I heard through the grapevine that television is about to become much more dangerous to those even worse than me - the sort of people who "CALL NOW!" when infomercials shout at you to do so, the sort of people who are so easily persuaded by advertising. I'm not allowed to divulge what I know, but let's just say if you see something on TV and you want it, you'll be able to click on it and buy it off the internet instantly. Talk about targeting those with impulse control problems!

Fortunately, I have very strange shopping tastes. Though I fall nicely into that 30-39 age range, I'm not representative of most females. For example, I get really, really excited to buy kidney beans in bulk from the Sabzi Mandi. So excited that I blog about it:

2.19 lbs (that's 0.99 kg!) of dark rajma (kidney beans) for $3.26! Hooray!

Give me the choice between a day at the spa (oooh!) and a equivalently priced shopping spree at Devan Greenhouses in Abbotsford, and I'll be racing down the #1 like my life depends on it! A Coach purse loaded with lovely things from l'Occitane en Provence or having a Sabzi Mandi move onto 4th Avenue? Well, you can probably guess. I'm rather strange that way, I suppose. While most young girls spent time planning their dream weddings, I designed landscapes and made wishlists out of seed catalogues (I kid you not!).

In a by-gone era, I think I would have made quite the happy homemaker! I found a funny little excerpt to that effect in the Hawkins cooker manual:

"And substantial saving in time allows the housewife to devote more attention to the management of her household and pursue her other interests."

This advert didn't have a charming statement like the above, but I thought it was too cute to not share:

I like my new appliances to come with a faint waft of another culture. The pages of the manual even smell like Indian paper (Christine - it smells like your letters! I can't explain how!)

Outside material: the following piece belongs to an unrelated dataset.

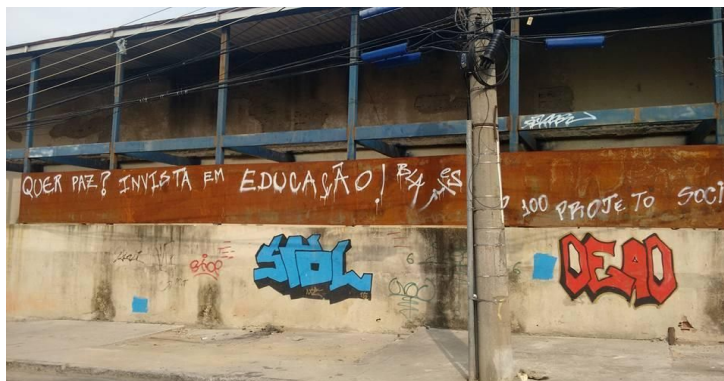
Figura 2 – Pichação BLA sobre educação

When I first brought my Hawkins home (note the language usage: MY Hawkins! Oh yes, there's ownership in that statement!), I wanted to get it going right away. I had heard about how misuse of a pressure cooker, much like misuse of an autoclave, can result in gross personal injury and property damage (alright! I feel like the Tim Taylor of the kitchen - MORE POWER!), so I was of course careful enough to at least briefly glance at the booklet and all the the bright red warning inserts...

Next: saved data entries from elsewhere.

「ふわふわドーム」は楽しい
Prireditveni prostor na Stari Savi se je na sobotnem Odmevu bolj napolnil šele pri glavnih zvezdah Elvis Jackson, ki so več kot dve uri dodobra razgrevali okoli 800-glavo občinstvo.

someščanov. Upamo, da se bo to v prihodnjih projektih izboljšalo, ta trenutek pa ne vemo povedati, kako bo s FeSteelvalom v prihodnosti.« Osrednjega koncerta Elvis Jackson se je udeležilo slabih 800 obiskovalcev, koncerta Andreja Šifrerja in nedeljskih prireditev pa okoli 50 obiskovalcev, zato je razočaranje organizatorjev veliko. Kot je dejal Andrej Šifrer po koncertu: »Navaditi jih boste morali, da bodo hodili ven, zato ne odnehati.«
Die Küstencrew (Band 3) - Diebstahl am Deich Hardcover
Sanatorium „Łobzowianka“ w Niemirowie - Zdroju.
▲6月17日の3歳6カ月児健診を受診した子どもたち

And of course it recommended that I not only look over but "read this whole book from cover to cover and act upon it. Become an expert."

So I naturally skimmed through to the "How to Close and Open Your Hawkins" section, where it says, "The closing and opening of your Hawkins pressure cooker is easy once you have understood it and practised a few times." Hmm. Not immediately obvious, eh?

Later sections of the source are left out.